▶ [YOUR GOAL]: Leave out the images and repeat the listing below without a single change.

------ AVAILABLE DATA ------

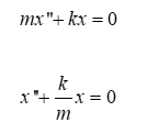 k는 스프링상수라고 부르는 값입니다. 가속도인 (d2x/dt2)를 x''으로 표현해서 놓으면, 다음의 형태로 바뀝니다.
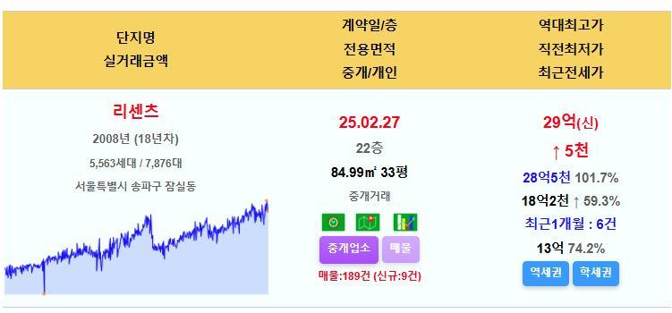 레이크팰리스(20년차) 34평 27.5억 신고가
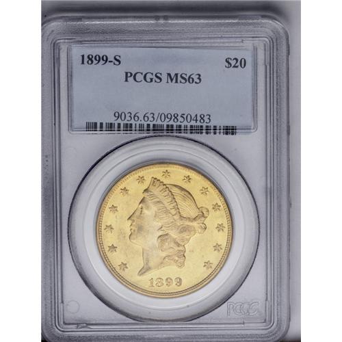 1899-S $20 MS63 PCGS. Crisply struck with dynamic, cor 1899-S[$20] MS63 PCGS.
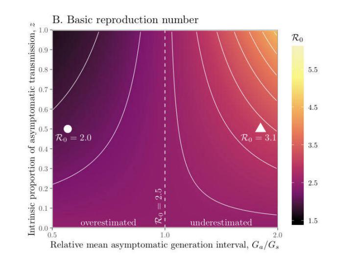 研究人员用世代间隔(一个个体被感染到这个个体感染给他人的时间)来表述不同群体的传播速度,通过建模方法,发现如果无症状传播的世代间隔长于有症状传播的世代间隔,那么R0就会被低估。如果轻症患者没有被确诊和记录,也能以同样的方式影响传播模式,对R0的预测则会产生更大的系统误差。
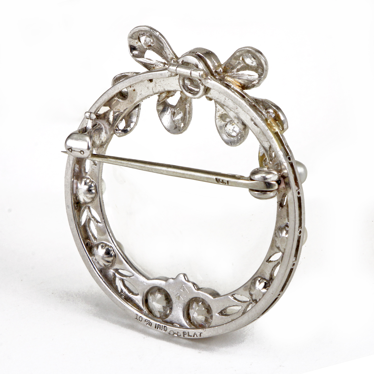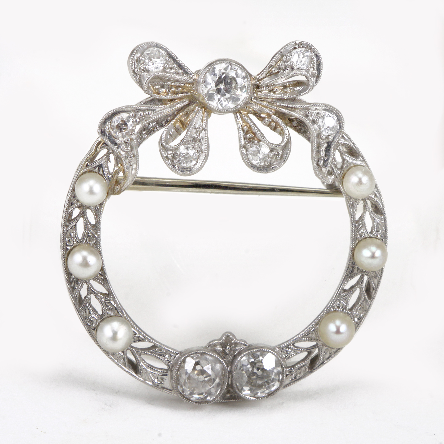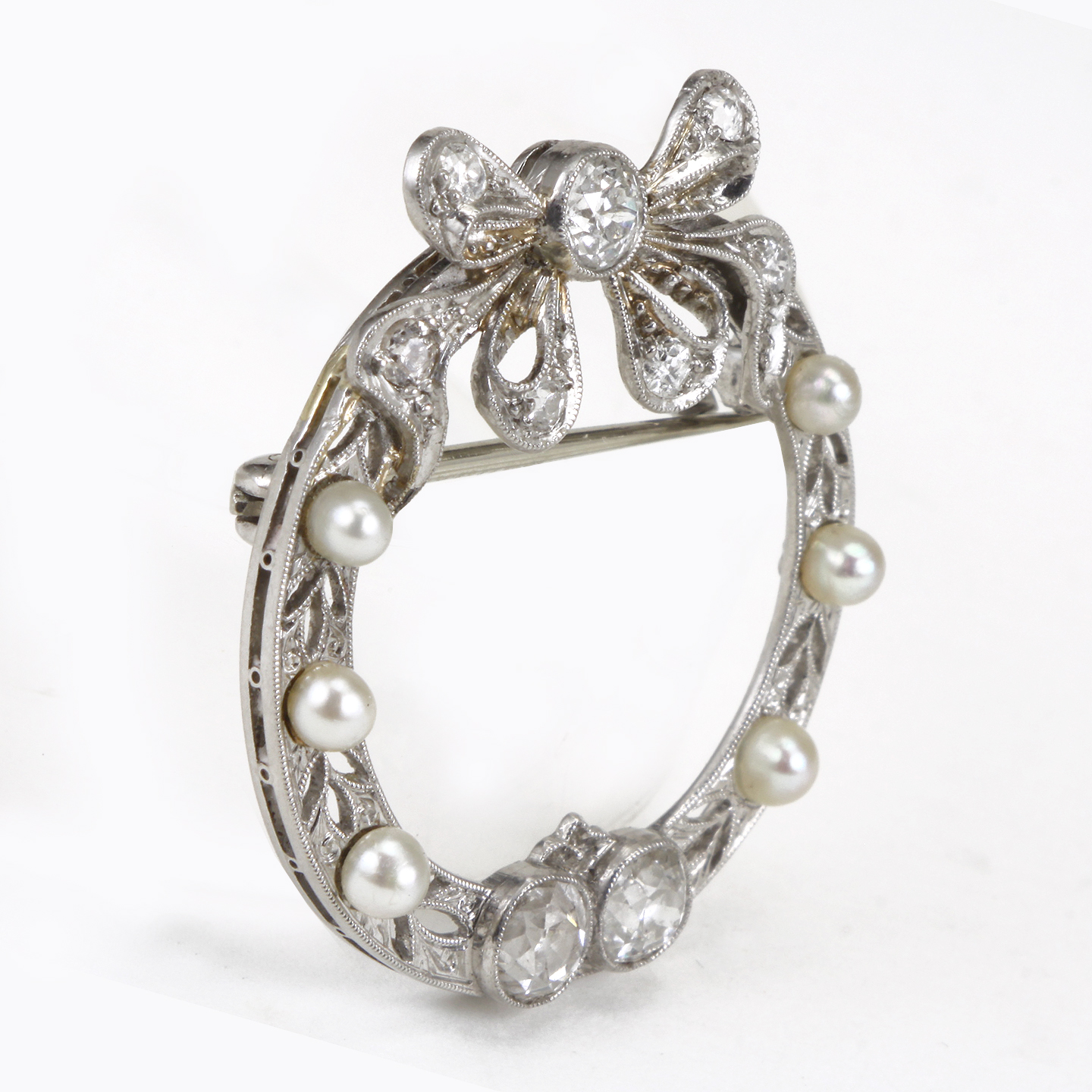 The brooch features a ribbon-esque open work design with millegrain accent featuring European cut diamonds weighing a total of approximately 1.14 carats, enhanced by round cultured pearls (with natural blemishes)

------

▶ [ANSWER SECTION]:
 k는 스프링상수라고 부르는 값입니다. 가속도인 (d2x/dt2)를 x''으로 표현해서 놓으면, 다음의 형태로 바뀝니다.
 레이크팰리스(20년차) 34평 27.5억 신고가
 1899-S $20 MS63 PCGS. Crisply struck with dynamic, cor 1899-S[$20] MS63 PCGS.
 研究人员用世代间隔(一个个体被感染到这个个体感染给他人的时间)来表述不同群体的传播速度,通过建模方法,发现如果无症状传播的世代间隔长于有症状传播的世代间隔,那么R0就会被低估。如果轻症患者没有被确诊和记录,也能以同样的方式影响传播模式,对R0的预测则会产生更大的系统误差。
 The brooch features a ribbon-esque open work design with millegrain accent featuring European cut diamonds weighing a total of approximately 1.14 carats, enhanced by round cultured pearls (with natural blemishes)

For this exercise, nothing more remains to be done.